Only this time the airport is not the impromptu one at Black Rock City in the Nevada Desert, and the flag is not the one I had hung in the inside of the rental trailer. Instead I am in the main terminal at Keflavík International Airport (63°59′06″N 22°36′20″W), about thirty miles outside Reykjavik, near the tip of a short volcanic peninsula jutting out into the North Atlantic. The flag is a decal on the side of a window for a shop selling locally made wool sweaters and other winter garb.
Our trip here had been marvelous---everything we had hoped for. Indeed, for all the preparation we had done, the months of research and planning, and the playing at being Icelanders at Burning Man, we had somehow succeeded. Arriving here for the first time it had felt like home to both us.
The idea had begun as a whimsy last spring, when deciding where we should go in the fall after Red had taken her boards. She wanted to travel for a couple months until she began her formal career as a physician. Similarly I had wanted at last to take my road-work lifestyle abroad, as I had been talking about for some time.
I had been cautious about taking this step until the the time had been right. I had wanted to perfect it in the U.S., where I felt comfortable.
In my perfectionist logistic way, I had wanted the arrival here to go smoothly, like a rehearsed routine. But it had turned out to be quite hectic, mostly because of all the events leading up to it, not the least of which was the enormous time, money, and energy spent on Burning Man this year.
Even arriving back in Portland from Reno our work had not been over. We had only nine days until our flight from Seattle on Icelandair was due to depart. The days were crammed not only with the usual slog of cleaning up our clothes and gear, but with the daunting task of packing up Red's apartment in preparation for all of our possessions into storage.
During this time, most of my possessions were out on the porch where I surveyed them and rearranged them.
"For someone who came up here with only a car trunk full of gear, I sure have wound up with a lot of stuff," I told Red. "But it seems ninety percent of it is for Burning Man."
It wasn't until the night before our flight, when all of our things were finally in secure storage down on the Portland waterfront that I could begin the task of arranging the things I would take overseas into the plum-colored Rick Steeves rolling carry-on that I had recently ordered. It had arrived from the warehouse in Seattle only a day before our departure for Reno. Seattle was a recurring theme for this trip, which seemed appropriate since I had spent my last birthday there. I enjoy that kind of subtle continuity in life.

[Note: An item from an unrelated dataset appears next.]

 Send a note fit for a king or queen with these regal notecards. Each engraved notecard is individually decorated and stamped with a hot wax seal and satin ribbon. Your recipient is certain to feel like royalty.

Even at that point we faced a small crisis when our plans for long-term storage of Red's car near Sea-Tac fell through at the last minute. She scrambled and found an alternative. We drove up there the day before our flight, and after a night at the Hampton near the airport, we dropped her car off with a friendly retired couple who tended the storage facility, and rolled our carry-ons to the shuttle they provided.
As we waited for our flight in the lounge I practiced some of the phrases of Icelandic that I had been learning over the summer. Then like a true Icelander, I broke out my Kindle and read a bit from my download of Independent People (Sjálfstætt fólk) by Halldór Laxness. I had been working my through it for a over a month, savoring each chapter.

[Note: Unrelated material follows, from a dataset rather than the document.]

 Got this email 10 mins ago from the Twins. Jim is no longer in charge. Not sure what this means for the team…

The novel is considered the "national story" of Iceland by many folks there, the characters and theme reflective of the way Icelanders see themselves. One finds prominent copies of it, both in Icelandic and English, displayed in bookstores all over the country.
Then they called our flight and we boarded. The captain and the head attendant gave us our instructions in both Icelandic and English. We took off over the North Cascades on a bright sunny afternoon and headed across the Canadian border on a great circle route that would take us over Hudson Bay and Greenland. At last we were on our way home.